Tuesday, November 12, 2013


Today I welcome Tom Williams, author of A Mysterious Light: The Life of Raymond Chandler (Chicago Review Press, September 2013).

Drawing on new interviews, previously unpublished letters, and archives on both sides of the Atlantic, Chandler biographer Tom Williams casts a new light on this most mysterious of writers. Troubled by loneliness and desertion from an early age, Chandler’s childhood was overshadowed by the collapse of his parents’ marriage, his father’s alcohol-fueled violence, and his abrupt move to class-bound England and back. Returning to dirty, crime-ridden Los Angeles in his twenties, eager to forge a new life, he met his one great love, Cissy Pascal, a married woman 18 years his senior. It was not until middle age that Chandler seriously turned to crime fiction, lifting it into the poetic and dark genre we know today. And his legacy—the lonely, ambiguous world of detective Philip Marlowe—endures, compelling generations of crime writers to follow him.
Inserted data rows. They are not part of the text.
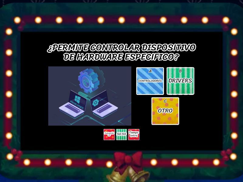 1) ¿PERMITE CONTROLAR DISPOSITIVO DE HARDWARE ESPECIFICO? a) CONTROLADORES b) DRIVERS c) OTRO 2) CONJUNTO DE DATOS ALMACENADOS a) ARCHIVO b) CONECTORES c) BITACORA 3) DATOS INFORMATICOS, QUE REALIZAN TAREAS ESPECIFICAS a) PROGRAMAS b) SOFTWARE c) HARDWARE 4) TAMBIEN CONOCIDOS COMO "FUENTE DE ALIMENTACION" a) FUENTESS EXTERNAS b) FUENTE DE PODER c) FUENTES 5) UNIDAD CENTRAL DE PROCESAMIENTO a) PROCESADOR b) MICROPROCESADOR c) UNIDAD DE PROCESAMIENTO 6) TAMBIEN CONOCIDA COMO MODULO DE MEMORIA a) TARJETA RAM b) MODULO RAM c) MEMORIA 7) ALMACENAMIENTO DE DATOS NOVATILES a) DISCO b) HDD c) DISCO DURO 8) CODIGO BINARIO QUE REPRESENTA INFORMACION a) TB b) BIT c) CALCULOS 9) MAQUINA ELECTRONICA QUE PROCESA, ALMACEENA Y MANIPULA a) CPU b) SOFTWARE Y HARDWARE c) COMPUTADORA 10) REPRESENTACION GRAFICA DE INFORMACION a) DESCRIPCION TEXTUAL b) DIAGRAMA c) CONCEPTOS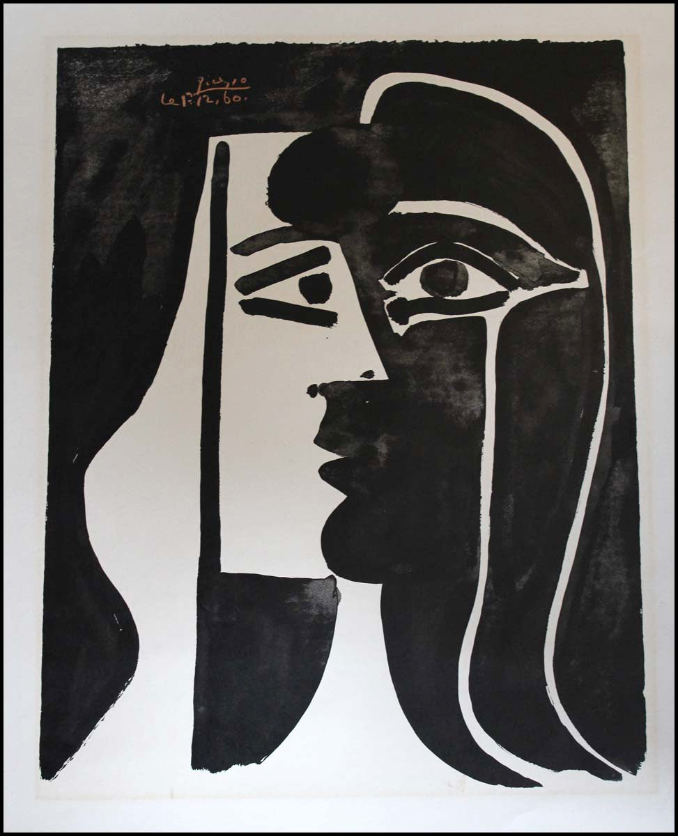[Visual Arts] Picasso, Pablo. (1881–1973). Tête de femme . Zervos vol. 19, plate 386. Dec. 1, l960, [actually done Nov. 12, 1960]. Signed within the print.
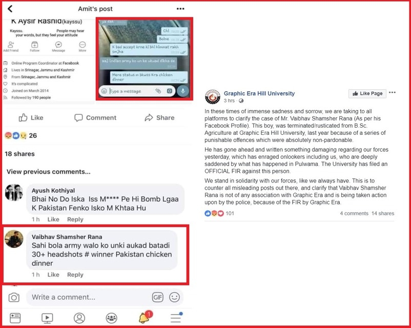 8. वैभव शमशेर राणा ग्राफिक एरा हिल यूनिवर्सिटी में स्टूडेंट था, फेसबुक पर जश्न मनाते कईं कमेंट किये। यूनिवर्सिटी ने शमशेर को न सिर्फ सस्पेंड कर दिया। बल्कि एफआईआर भी दर्ज करा दी।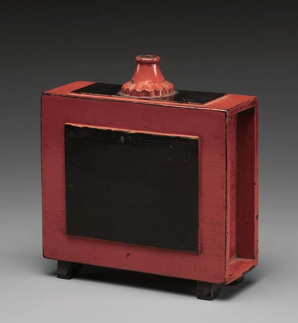 Gallery LabelThis bottle was used for serving sake, Japanese wine made from fermented rice, in religious processional rituals and on other occasions. Negoro ware is named after a temple, Negoroji, where this distinctive type of ware was thought to have first been made. When the object ages, the black lacquer becomes visible under the red, creating an appealing, antiqued appearance.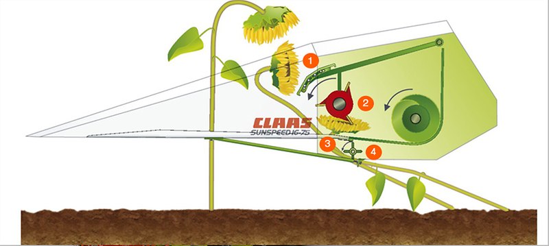 Zunächst werden die Sonnenblumen von den Schiffchen erfasst. Das verstellbare Einweisblech sorgt dann dafür, dass die Sonnenblumenkörbe nach vorn gedrückt werden. Gleichzeitig drückt die Reißwalze unterhalb des Messerbalkens die Stängel nach unten. Das Einweisblech und die Reißwalze verhindern somit, dass die Stängel vorzeitig geschnitten werden. Erst wenn die Sonnenblumenköpfe von der Haspel erfasst werden, erfolgt der Schnitt. Dadurch gelangen nur die Sonnenblumenkörbe zur Einzugsschnecke, von wo aus sie letztlich zum Einzugskanal gelangen.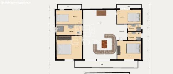 tágas nappalin, konyhán és a további helyiségeken.Tégla épületet cserép tető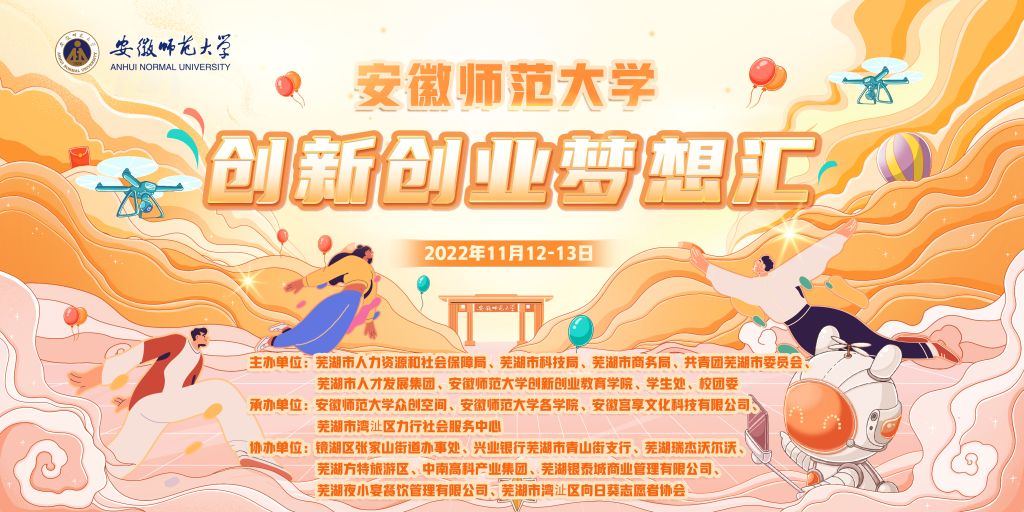 11月12-13日,由芜湖市人社局、科技局、商务局、人才发展集团和安徽师范大学创新创业教育学院、学生工作处、校团委共同主办,校大学生众创空间承办的安徽师范大学2022年创新创业梦想汇圆满落幕。

There aren’t that many deliveries I get excited about but the arrival a couple of weeks ago of Grand Theft Auto V was an exception. To be perfectly frank, I was as excited as a kid at Christmas about this game’s arrival. I’ve grown up with the series and watched the Rockstar games evolve into something quite magnificent. There aren’t that many gaming experience that can bring a lump to my throat but both Red Dead Redemption and LA Noire managed this with their blend of story telling and action. GTA IV kept me entertained for weeks and GTA V has, so far, not disappointed one bit.

What has this, then, to do with Raymond Chandler? It is a question you might well ask but I would argue that Rockstar and Chandler have more in common that you might first think. Above all they share one great inspiration: the city of Los Angeles. In GTA V, LA is reformed as Los Santos and Rockstar’s vision embraces swathes of Southern California. Chandler’s vision is narrower, slightly, but both at once attack the city and celebrate it simultaneously. It's a fine balancing act.
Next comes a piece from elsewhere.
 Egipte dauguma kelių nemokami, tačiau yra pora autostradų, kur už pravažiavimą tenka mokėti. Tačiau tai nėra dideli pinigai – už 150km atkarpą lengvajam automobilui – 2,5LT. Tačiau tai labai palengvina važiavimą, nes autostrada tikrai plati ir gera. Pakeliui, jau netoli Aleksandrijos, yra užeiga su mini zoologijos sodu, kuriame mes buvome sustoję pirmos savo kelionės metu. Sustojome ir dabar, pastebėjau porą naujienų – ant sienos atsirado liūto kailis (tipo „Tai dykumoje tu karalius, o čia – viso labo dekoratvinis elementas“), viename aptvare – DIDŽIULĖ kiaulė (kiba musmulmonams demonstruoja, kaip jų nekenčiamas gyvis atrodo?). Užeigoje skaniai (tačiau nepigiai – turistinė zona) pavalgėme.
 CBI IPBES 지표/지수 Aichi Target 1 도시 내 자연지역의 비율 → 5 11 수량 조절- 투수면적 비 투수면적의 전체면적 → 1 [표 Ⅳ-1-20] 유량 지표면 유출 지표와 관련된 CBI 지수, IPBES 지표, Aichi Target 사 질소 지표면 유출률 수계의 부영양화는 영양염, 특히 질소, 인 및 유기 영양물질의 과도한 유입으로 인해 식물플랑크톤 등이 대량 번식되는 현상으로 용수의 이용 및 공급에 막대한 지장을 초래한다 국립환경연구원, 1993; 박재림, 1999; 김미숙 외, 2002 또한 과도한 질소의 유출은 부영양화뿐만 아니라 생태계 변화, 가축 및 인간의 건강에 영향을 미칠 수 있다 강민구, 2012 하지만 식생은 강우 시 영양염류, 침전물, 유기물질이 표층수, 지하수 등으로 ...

Chandler’s experience of the city of Angels is rooted in his life there. He arrived in LA in 1913, a year that was transformational for the city, not because the man who would later chronicle it arrived, but because water did. Up till this point, LA had only enough resources for around 100,000 people but with the opening of the Owens River aqueduct, it was made fit to be an international city and given copious access to resources that let it grow. People arrived in their droves, travelling from across the United States, drawn to LA with its Mediterranean climate and relaxed culture. Raymond Chandler was one of these people. He was a good man. The trouble was, some of the others who arrived were not and a few sharp operators, recognizing an opportunity to get rich quick, started to con their way around the city.
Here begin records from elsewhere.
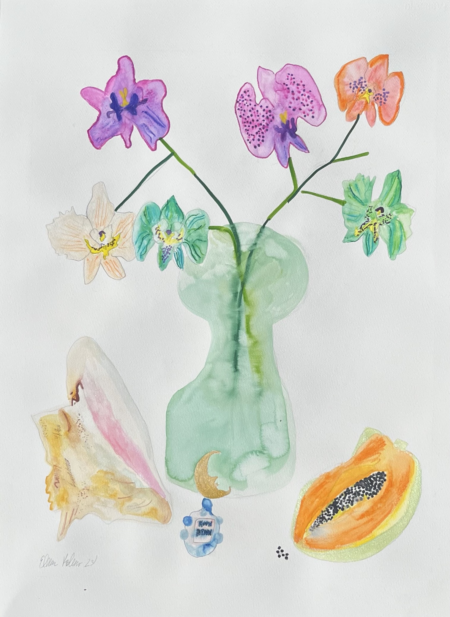 She started painting 2 years ago. Fascinated by objects, their symbology and relationship with memories, Elena likes painting still-lifes which she first constructs in real life to paint them afterwards . She believes objects can have special powers and therefore become a sort of “good-luck charm”. Fresh flowers, vintage food branding products, books, jewelry, perfumes, toys… among others are always a part of her compositions.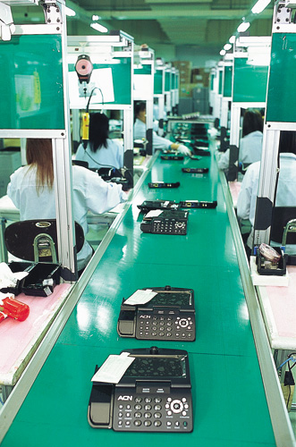 Universal Microelectronics kept its high-value-added and customized production in Taiwan when it relocated its low-margin production to mainland China. It's a model often followed by Taiwanese firms with a cross-strait division of labor. The photo shows UMEC's Taiwan-based videophone production line, the world's largest.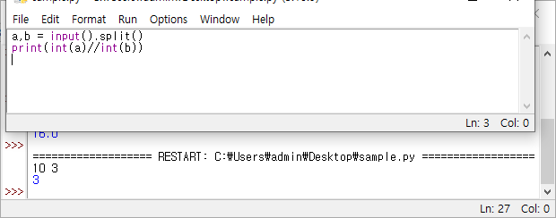 6040 : [기초-산술연산] 정수 2개 입력받아 나눈 몫 계산하기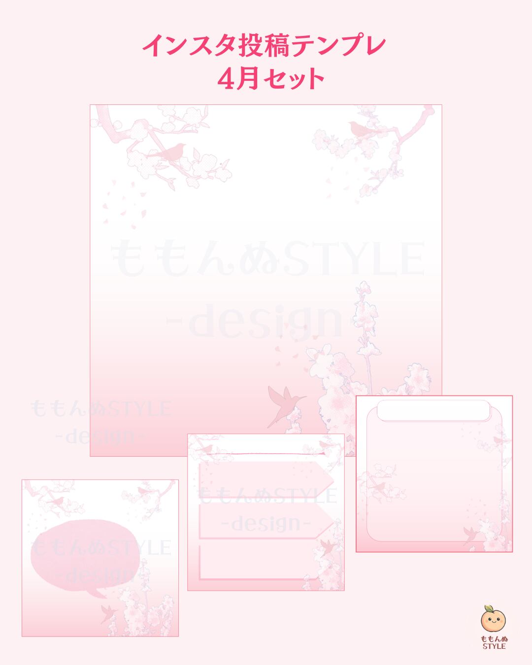 「ももんぬSTYLE -design-」オリジナルの優しい色合いのイラストを使った、Instagram投稿向けテンプレート。 スマホ壁紙と連動した2026年版 4月のイラストデザイン(桜ピンク)の6枚セットです。

The scams that were run in LA from in the late teens and twenties were the stuff of legend. Oil was often involved though not always. It was where the money was after all. But there were other scams too, involving religion, medicine and the like. They often boiled down to the same thing though and that was the strong taking advantage of the weak. Chandler watched this unfold from the heart of LA, working in his offices at the Dabney Oil Syndicate in the Downtown district. He was even taken advantage of himself. Like so many other, rich and poor, he sank money into the Julian Petroleum Company. This company, which started off with some legitimacy, turned out to be a scam that affected hundreds of thousands of people. Shares were over sold and any profits paid out were only funded through further share sales. It was a big a con that, when it was eventually exposed, seemed to have impacted everyone in the city.

To Chandler scams like Julian Pete summed up the city. It was a place that was ruled by the rich and run by the crooks. The politicians were corrupt, the city officials were corrupt, and the police were corrupt. The system fed of the innocence of the naïve citizenry but with such endemic corruption they had no one to protect them. In the end, in his fiction, Philip Marlowe would fill this role and become the protector of the little man against the tidal wave of corruption.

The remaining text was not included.